-------- Task data

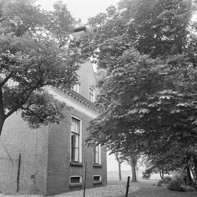 Tegenover de kerk gelegen dubbel pand onder zadeldak tussen topgevels.
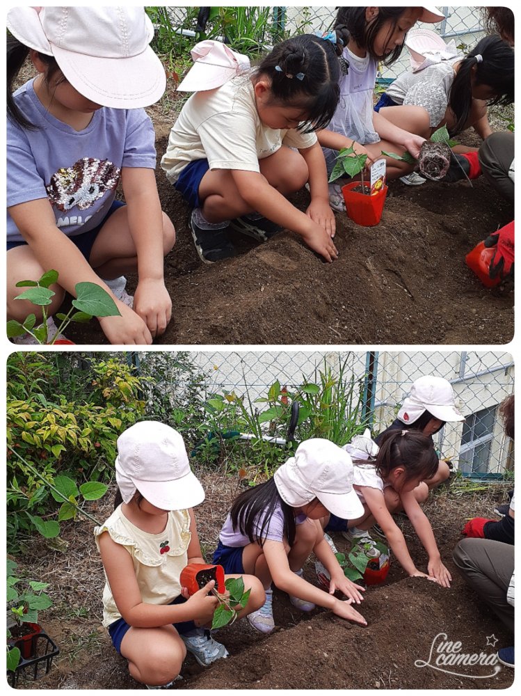 『サツマイモは土の下に出きるもんね!』と言いながら丁寧に植えてくれました🍠美味しいサツマイモが出来ますように。
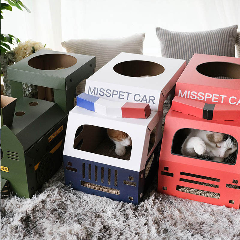 Puff Cat Misspet Car Series Train Fire Truck Police Car Cat Scratch Board Cat Toy Grinding Claw Folding Nest
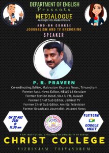 The second session of Medialogue, Add-on Course on ‘Journalism and TV Anchoring’, organized by the Department of English, Christ College, Vizhinjam, was held on 27th May 2021 at 11:30AM via Google Meet Platform. The chief guest of the day was MR. P.R. Praveen who is currently serving as Coordinating Editor of Malayalam Express News.
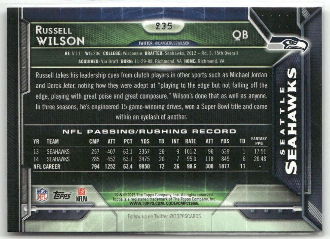 Russell Wilson 2015 Topps Series Mint Card #235
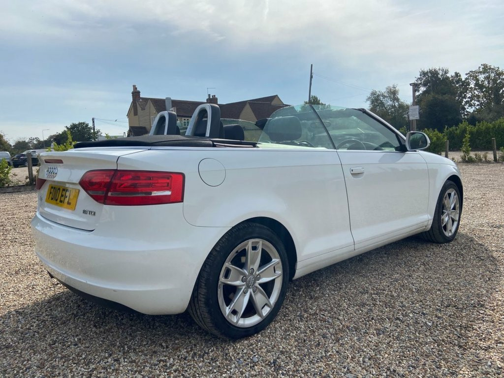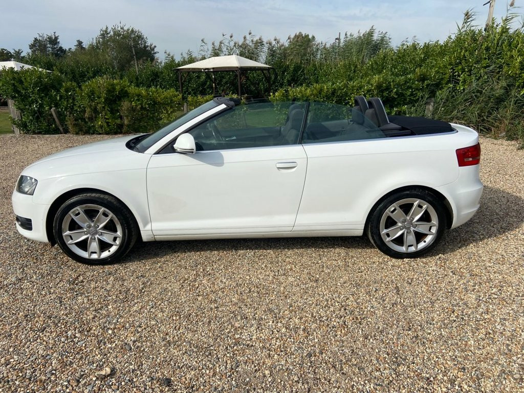 Introducing our Audi A3 Cabriolet finished in a Ice white this example has covered just 85,000 miles and comes with great service history 2 keys logbook and owners manual present. Just been serviced and mot with no advisories. Great driving car engine sounds as it should goes through the gears with ease. Bodywork in good condition and interior clean with no rips or bad odours. Roof works as it should. Spec includes AC, front and rear heated screens. Warranty included. All our cars undergo an extensive PDI check and a 50 mile road test to assure they perform as expected. Call now to arrange your viewing! Cloth- Dynamic- Black & Silver, Comfort Pack Cabriolet, Audi Exclusive Controls Pack, Aluminium gear knob, First aid kit, Audi Exclusive- Steering Wheel, Black styling Pack, 17in 10Spoke V Design Alloy Wheels- High, 17in 5 arm kinetic design Alloy Wheels, 17in 5Spoke Star design Alloy Wheels, 3Spoke Leather Sports Steering Wheel, Aluminium door handle strips, Aluminium roll bars, Aluminium shoulder line Trim, Black headlining, Concert single CD player with MP3 facili, Deletion of model & engine designati, Medial Aluminium inlay, Non smoking Pack, Silver headlining
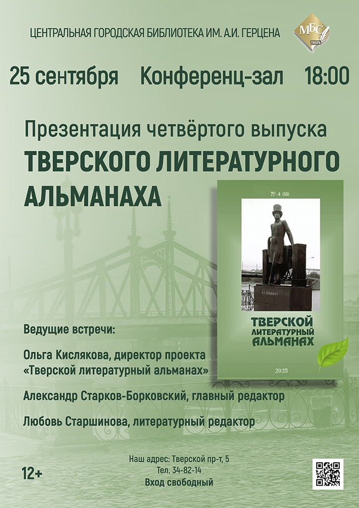Тверской литературный альманах приглашает всех своих друзей — читателей, авторов и всех желающих — на презентацию очередного, 4-го выпуска Тверского литературного альманаха. Будем читать стихи и прозу, слушать (и петь!) песни на стихи тверских поэтов, делиться творческими планами…
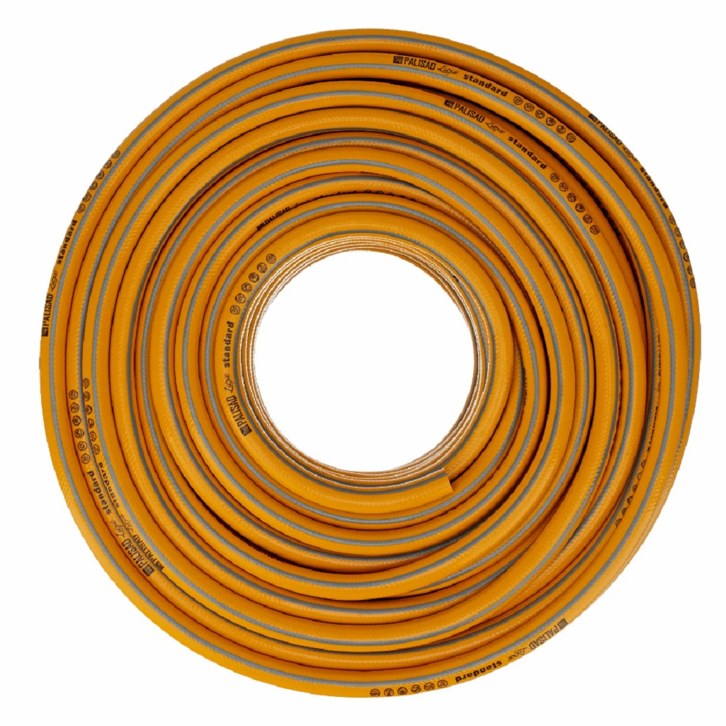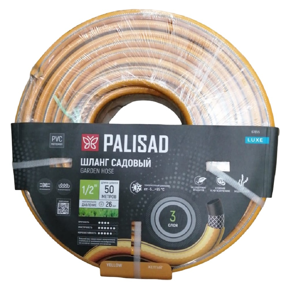 Шланг поливочный Palisad Luxe Standart 1/2" 67655, армированный, бухта 50 м предназначен для полива и орошения садового участка, газона, различных зеленых насаждений. Шланг состоит из 3-х слоев: первые два из ПВХ придают ему гибкость, а третий - из многонитиевого полиэстра - упрочняет конструкцию. Такое строение увеличивает срок службы шланга. Он выдерживает интенсивные нагрузки и не перекручивается благодаря высококачественному, прочному полимерному покрытию. Гладкая поверхность шланга предотвращает его от повреждений и порезов, а также обеспечивает его легкое перемещение на различных неровностях.
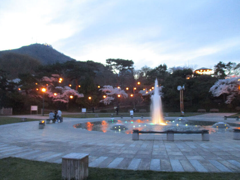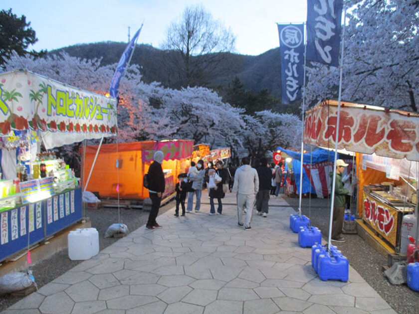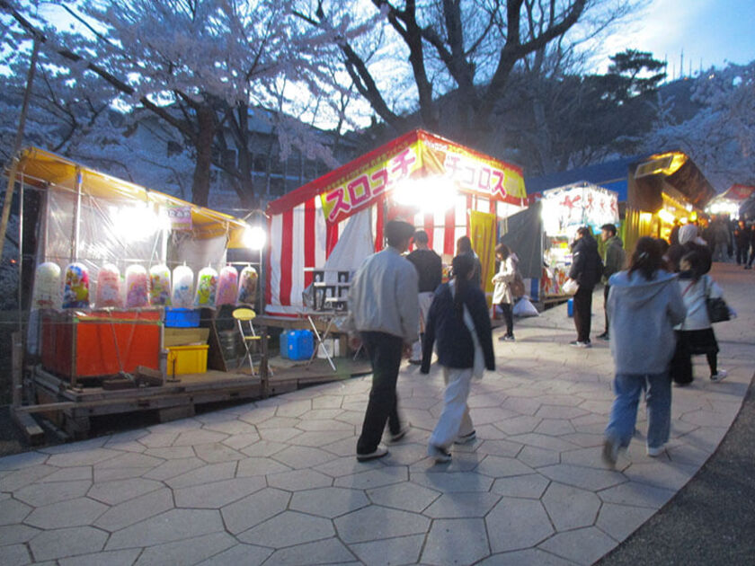 函館山のふもとに位置する函館公園は、五稜郭公園と並ぶ函館の二大花見スポット。園内にはソメイヨシノを中心に約360本の桜の木が植えられています。例年、開花時期にあわせて夜間の花見電飾が行われ、美しく幻想的な夜桜を楽しむことができます。2025年の開花日は4月23日(平年は4月28日)、満開日は4月28日(平年は5月2日)でした。満開から1週間は見ごろの桜が楽しめます。花見電飾の期間は、公園内に露店も登場します。
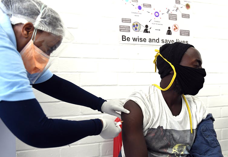 A volunteer receives an injection from a medical worker during the country’s first human clinical trial for a potential vaccine against COVID-19 in Soweto, South Africa.
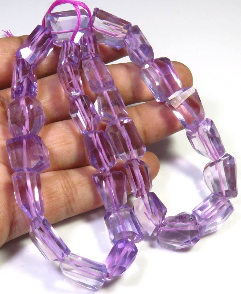 ลูกปัดพลอยสีม่วงขนาด15-17มม. ลูกปัดพลอยสีม่วงแบบเหลี่ยมเพชรพลอยยาว12-17มม. ขายส่ง
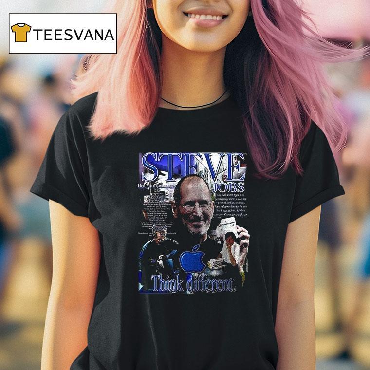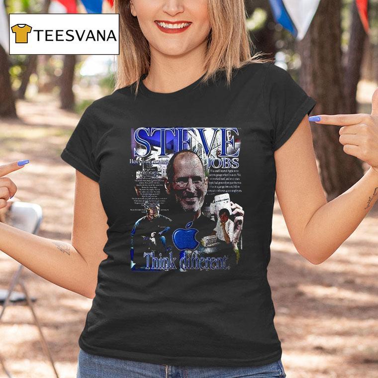 Your style, your tee with Steve Jobs Think Different Heres To The Crazy Ones Apple Logo Shirt, in a world filled with conformity, one man dared to think different. Steve Jobs, the visionary behind Apple, inspired others to embrace their uniqueness through his iconic “Think Different” campaign. Join the movement and celebrate the unconventional with the iconic Apple logo shirt.
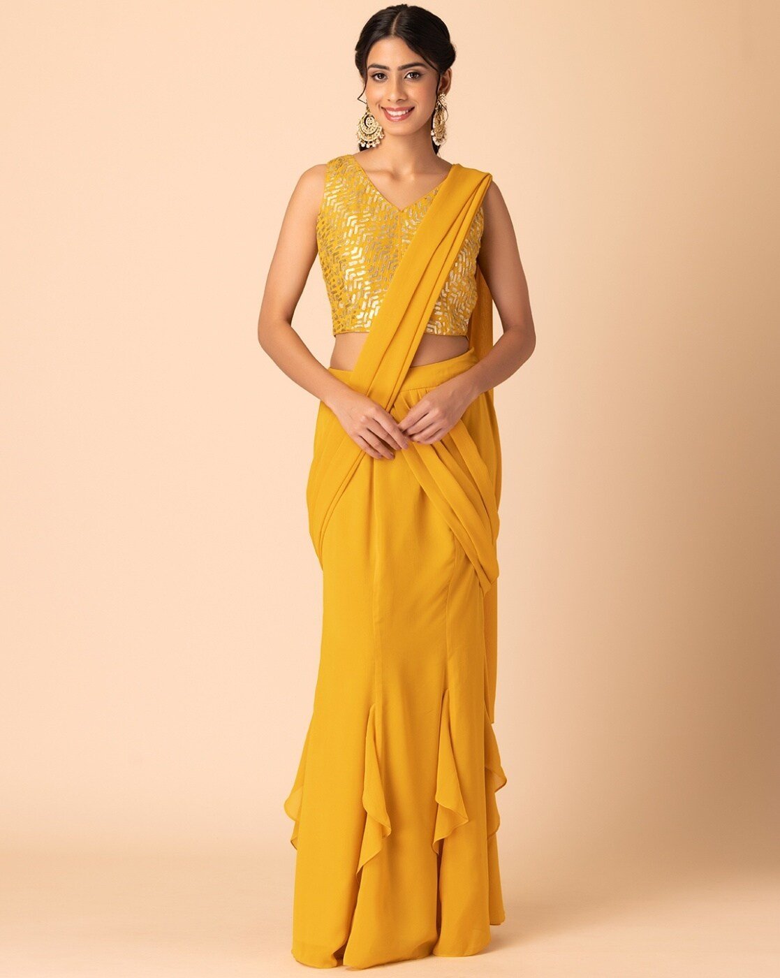Women Embroidered Cape Ready to Wear Saree with Attached Blouse

----------------

• **Assignment**:
Transcribe the entries above exactly, from their first line through the line with "Russell Wilson 2015", and omit all pictures.

• **Output**:
 Tegenover de kerk gelegen dubbel pand onder zadeldak tussen topgevels.
 『サツマイモは土の下に出きるもんね!』と言いながら丁寧に植えてくれました🍠美味しいサツマイモが出来ますように。
 Puff Cat Misspet Car Series Train Fire Truck Police Car Cat Scratch Board Cat Toy Grinding Claw Folding Nest
 The second session of Medialogue, Add-on Course on ‘Journalism and TV Anchoring’, organized by the Department of English, Christ College, Vizhinjam, was held on 27th May 2021 at 11:30AM via Google Meet Platform. The chief guest of the day was MR. P.R. Praveen who is currently serving as Coordinating Editor of Malayalam Express News.
 Russell Wilson 2015 Topps Series Mint Card #235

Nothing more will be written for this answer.